How NOT to test the Windows Time Service

This post has been republished via RSS; it originally appeared at: Networking Blog articles.

Hi Everybody, Dan Cuomo back to talk about testing the Windows Time service for High Accuracy time.

The Windows Time service has grown exponentially during our last couple releases. In “the old days” time was merely an enabler for Active Directory; Kerberos tickets required systems to be within < 5 minutes of accuracy. If you ask your friendly neighborhood metrology expert, this is outrageous by today’s standards. Modern applications need time accuracy measured in the milliseconds (ms), microseconds (us), nanoseconds (ns) – There are other applications but for our areas of interest, we’ll stop at nanoseconds ?.

Unfortunately, there’s a lot of misinformation about the Windows Time service. Due to our past requirements, it’s often assumed that Windows can’t obtain high accuracy time on a modern operating system. While you may not be able to consistently hit in the nanosecond range just yet, you can obtain accuracy in the order of microseconds as demonstrated here and validated by NIST (see the section on Clock Source Stability where we were validated at 41 microseconds!). However, it’s important to use proper testing methodologies, otherwise, you might create a self-fulfilling prophecy.

So here are a few things you SHOULD NOT do when testing the Windows Time service.

Don’t compare systems “Out of the Box”

I’ve heard from more than a few customers that they want to see the native time accuracy performance Windows can obtain. This is a bad idea for a few reasons.

First, Microsoft has a lot of customers. They range from our high-performance Azure Data Centers, to high accuracy customers in the Intelligent Edge, to your mom and dad’s computer they just bought at Best Buy.

Our time service must work in all of these cases. You can imagine that a home computer doesn’t (and shouldn’t) synchronize nearly as much as one of the aforementioned high accuracy systems. This is wasteful of system resources such as CPU processing, but more importantly, power consumption considering these devices are mobile and often low powered.

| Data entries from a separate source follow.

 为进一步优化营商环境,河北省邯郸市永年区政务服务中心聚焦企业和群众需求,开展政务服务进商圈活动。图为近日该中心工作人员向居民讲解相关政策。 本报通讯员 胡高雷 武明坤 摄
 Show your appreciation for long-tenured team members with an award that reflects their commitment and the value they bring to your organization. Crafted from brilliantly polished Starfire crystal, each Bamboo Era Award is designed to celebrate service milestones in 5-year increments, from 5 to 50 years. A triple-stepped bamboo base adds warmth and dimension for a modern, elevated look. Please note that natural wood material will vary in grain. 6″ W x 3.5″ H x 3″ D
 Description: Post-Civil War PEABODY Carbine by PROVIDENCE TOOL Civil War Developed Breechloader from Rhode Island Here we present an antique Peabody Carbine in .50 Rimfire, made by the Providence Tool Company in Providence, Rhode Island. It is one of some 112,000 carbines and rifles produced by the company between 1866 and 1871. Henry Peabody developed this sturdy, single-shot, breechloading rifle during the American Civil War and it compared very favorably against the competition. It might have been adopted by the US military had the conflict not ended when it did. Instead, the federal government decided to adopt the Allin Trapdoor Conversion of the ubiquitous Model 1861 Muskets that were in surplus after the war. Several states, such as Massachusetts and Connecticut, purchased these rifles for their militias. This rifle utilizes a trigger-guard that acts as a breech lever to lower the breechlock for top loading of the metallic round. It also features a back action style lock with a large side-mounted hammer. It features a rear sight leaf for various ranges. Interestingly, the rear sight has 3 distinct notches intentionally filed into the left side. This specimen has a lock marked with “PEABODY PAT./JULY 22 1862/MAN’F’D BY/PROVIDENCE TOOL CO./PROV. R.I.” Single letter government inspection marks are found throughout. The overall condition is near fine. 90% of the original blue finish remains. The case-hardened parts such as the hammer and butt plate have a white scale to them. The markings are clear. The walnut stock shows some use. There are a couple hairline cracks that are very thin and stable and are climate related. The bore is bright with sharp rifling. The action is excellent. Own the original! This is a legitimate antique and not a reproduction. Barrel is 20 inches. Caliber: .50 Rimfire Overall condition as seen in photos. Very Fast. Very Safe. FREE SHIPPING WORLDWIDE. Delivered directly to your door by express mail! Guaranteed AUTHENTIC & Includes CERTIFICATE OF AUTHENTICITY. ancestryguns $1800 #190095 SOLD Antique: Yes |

Long story short, Windows is optimized to make the most common scenarios work as best as possible – “Common” in this case means the 100’s of millions of every day users with basic network connectivity to the internet.

Secondly, the typical Out of the Box comparison attempts to compare Linux to Windows. The problem is that they downloaded and configured Linux packages (not updates) to better synchronize their system because “that’s how Linux does it.” Did you also download our software timestamping capability from the PowerShell gallery (Install-Module SoftwareTimestamping)?

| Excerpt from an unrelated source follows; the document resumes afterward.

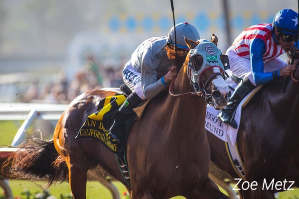 In a memorable renewal of the Grade II $200,000 San Diego Handicap, fan favorite California Chrome outfinished a stubborn Dortmund after a prolonged duel to score a half-length victory Saturday in the mile and one-sixteenth prep for the Grade I $1 million TVG Pacific Classic on August 20.
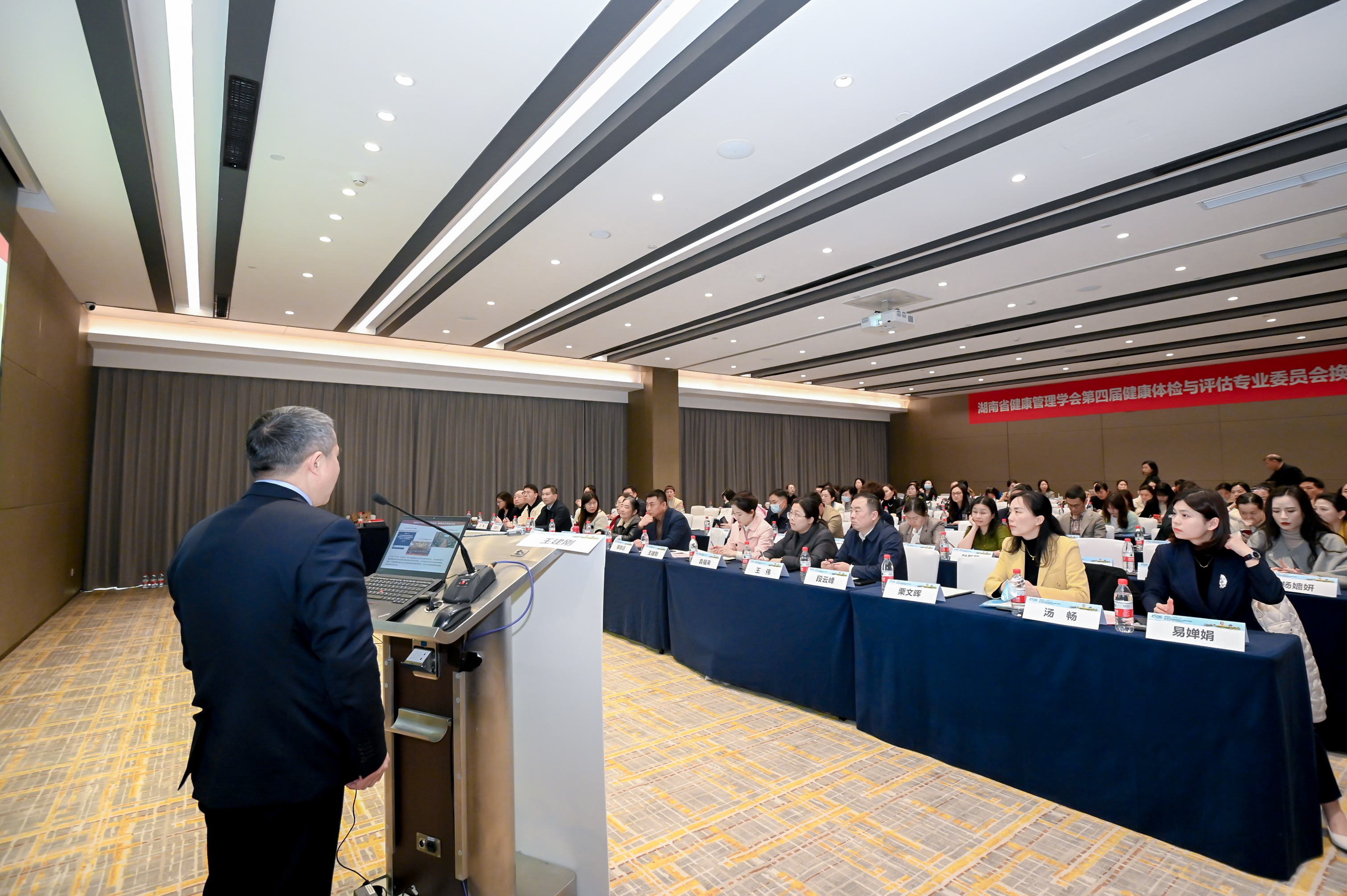 汤畅副秘书长宣读了《专业委员会选举办法》和《第四届健康体检与评估专业委员会候选人名单》,经现场投票表决,选举产生了107名专委会委员。中南大学湘雅三医院健康管理中心主任王建刚教授当选为主任委员,中南大学湘雅医院健康管理中心原主任蒋红霞教授被举荐为新一届专委会顾问。中南大学湘雅医院健康管理中心副主任袁福来、中南大学湘雅二医院健康管理中心常务副主任王伟、中南大学湘雅三医院健康管理中心王雅琴、湖南省人民医院健康管理中心主任李慧、湖南省中医医院治未病与健康管理质量控制中心主任兰红勤教授、湖南中医药高等专科学校附属第一医院(湖南省直中医医院)党委书记段云峰、南华大学附属第二医院副院长洪涛、南华大学附属南华医院副院长刘龙飞、长沙市中心医院健康管理中心主任栗文晖、株洲市中心医院健康管理中心主任王炜共10人当选新一届专委会副主任委员,中南大学湘雅三医院健康管理中心覃岳香担任专委会秘书。

Needless to say, this is not an apples-to-apples comparison and if you truly want to understand what the platforms can do natively, you need to only configure what comes with a specific operating system.

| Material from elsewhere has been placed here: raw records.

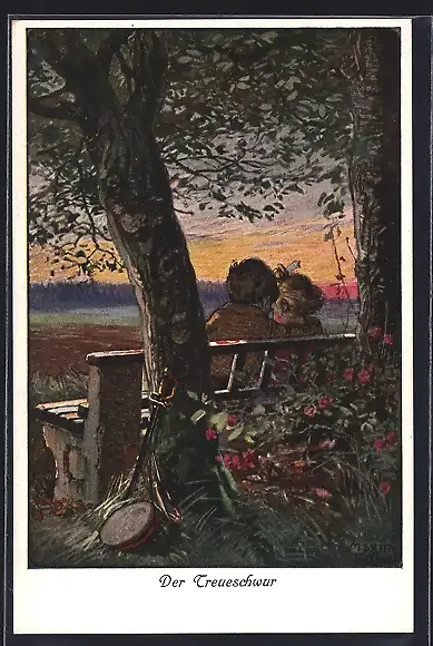 Künstler-AK Maxim Trübe: Der Treueschwur Kleines Liebespaar auf einer Bank
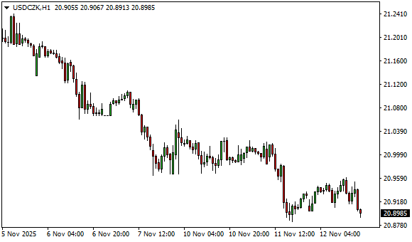 Vývoj měnového páru USD/CZK (1hodinový graf - H1):
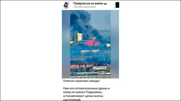 На опубликованных ими кадрах видны клубы чёрного дыма, поднимающиеся над предприятием, очень похожим на завод АО "Оптиковолоконные Системы" - первого и единственного в России производителя оптического волокна.

Finally, Why? What other system in your datacenter do you not tweak or optimize?

If you run Active Directory, you setup your site links, change replication intervals, or configure group policies to meet your needs. If you’re running Hyper-V you upgrade drivers, enable advanced features like RDMA and VMMQ, and tweak live migration settings to squeeze out the best possible performance and reliability. So, if you’re serious about high-accuracy time, why not put the best foot forward?

To reach high accuracy (sub 1-second or sub 1-millisecond), you should modify your configuration using our high accuracy settings.

Don’t use different tools

I recently attended the 2019 WSTS conference in San Jose, Ca – and I’m American. Everyone at the conference spoke English, however it wasn’t everyone’s first language (in fact our friends from the United Kingdom would argue it wasn’t my primary language either ?). As a result, there were different interpretations of same information and colloquialisms that where “lost in translation.”

Each tool is written by a developer and that tool compares the time it gets from an operating system with a reference clock. As a simple example, how long does that tool take to query the time on the system? This is up to the tool and APIs implemented and while this may seem insignificant, it’s crucial if you’re counting accuracy in the microseconds.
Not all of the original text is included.